- What you need to do:
Repeat the data word for word, excluding every picture.

- The data:
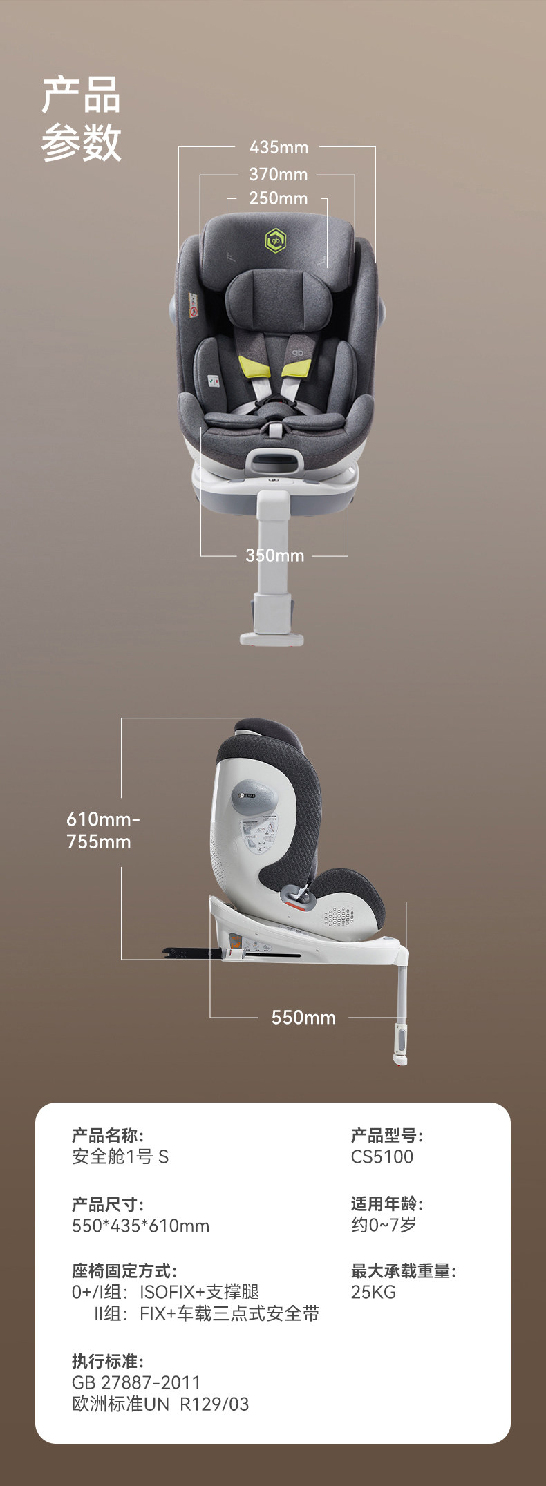 Безопасное детское высокоскоростное крутящиеся кресло, 0-7 лет
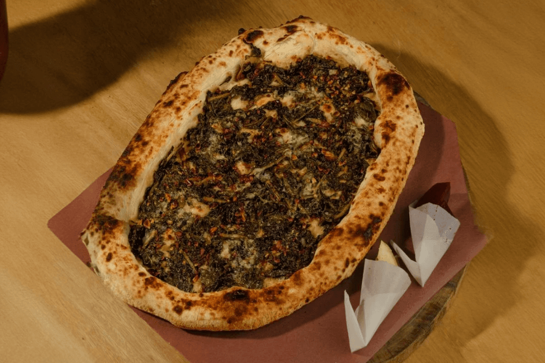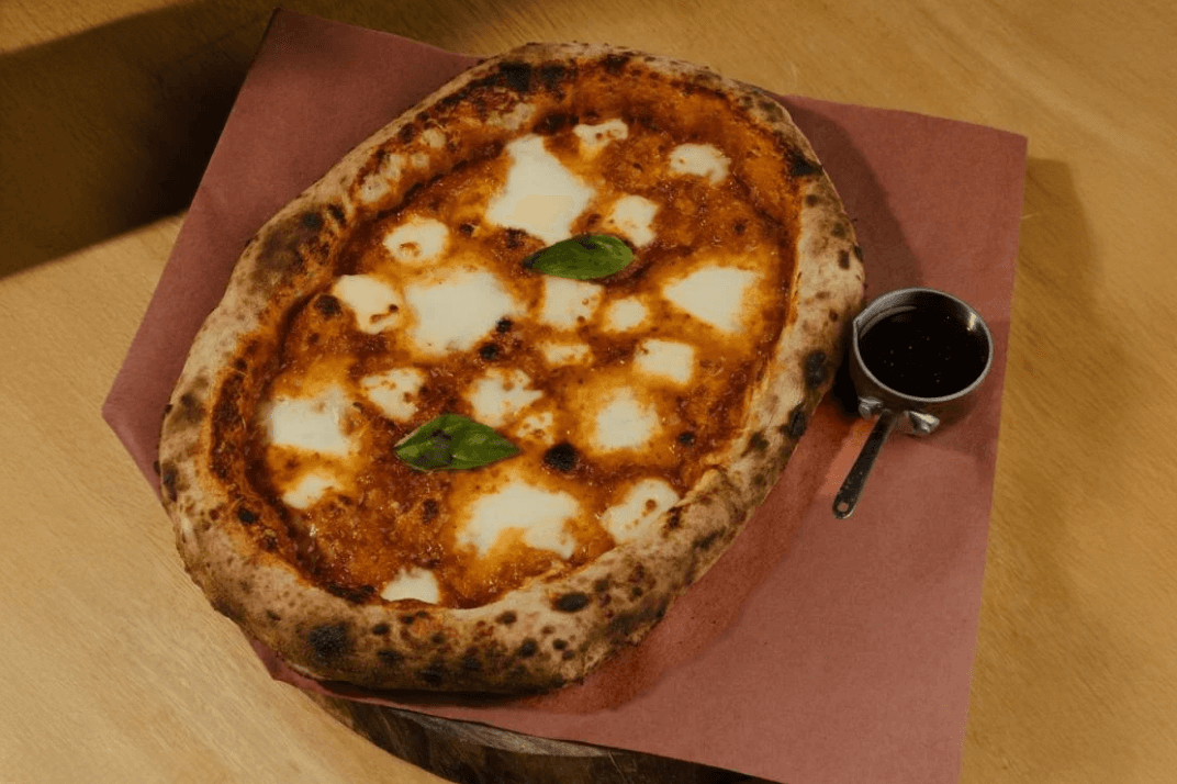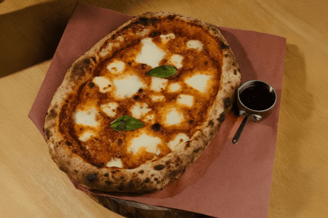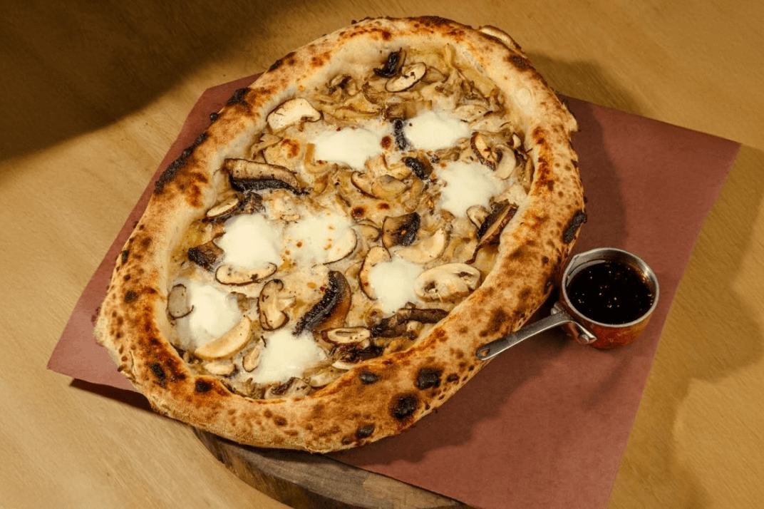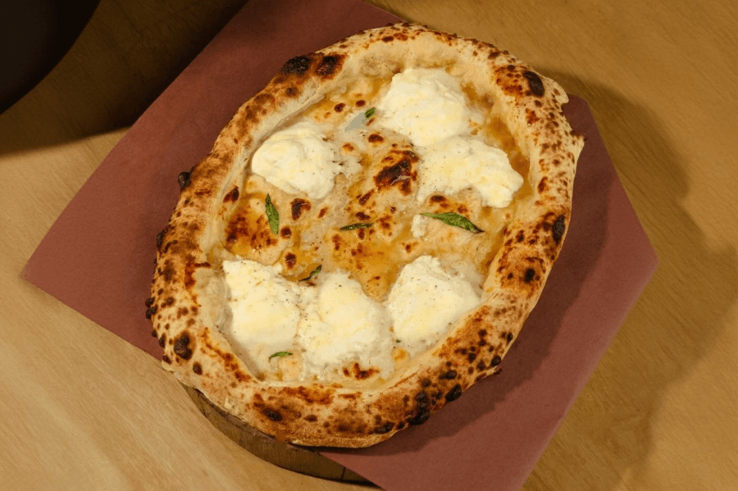 Pizza dough, Creamy white sauce, Burrata cheese, Crushed black pepper and Burnt honey.
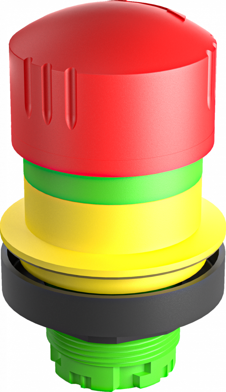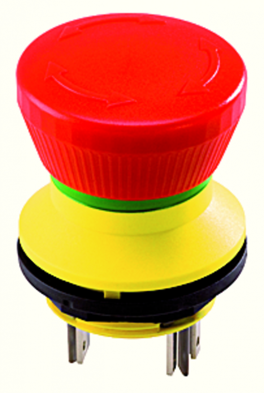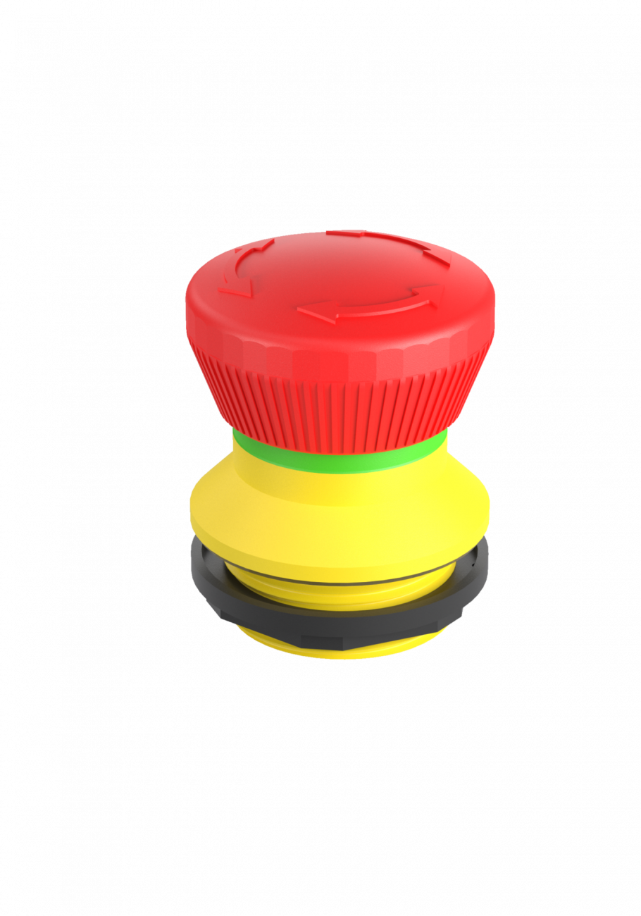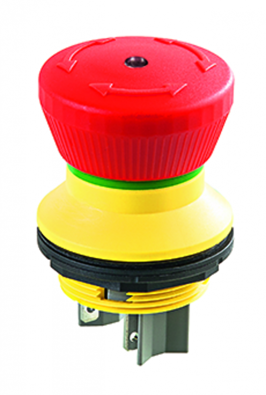 Nouzová tlačítka mají vysunutou hlavicí kulatého tvaru s kruhovým nebo čtvercovým výřezem do panelu.Hlavice jsou primárně určená k nouzovému vypnutí a rozpojení elektrického obvodu při nouzové situaci.

- Written solution:
 Безопасное детское высокоскоростное крутящиеся кресло, 0-7 лет
 Pizza dough, Creamy white sauce, Burrata cheese, Crushed black pepper and Burnt honey.
 Nouzová tlačítka mají vysunutou hlavicí kulatého tvaru s kruhovým nebo čtvercovým výřezem do panelu.Hlavice jsou primárně určená k nouzovému vypnutí a rozpojení elektrického obvodu při nouzové situaci.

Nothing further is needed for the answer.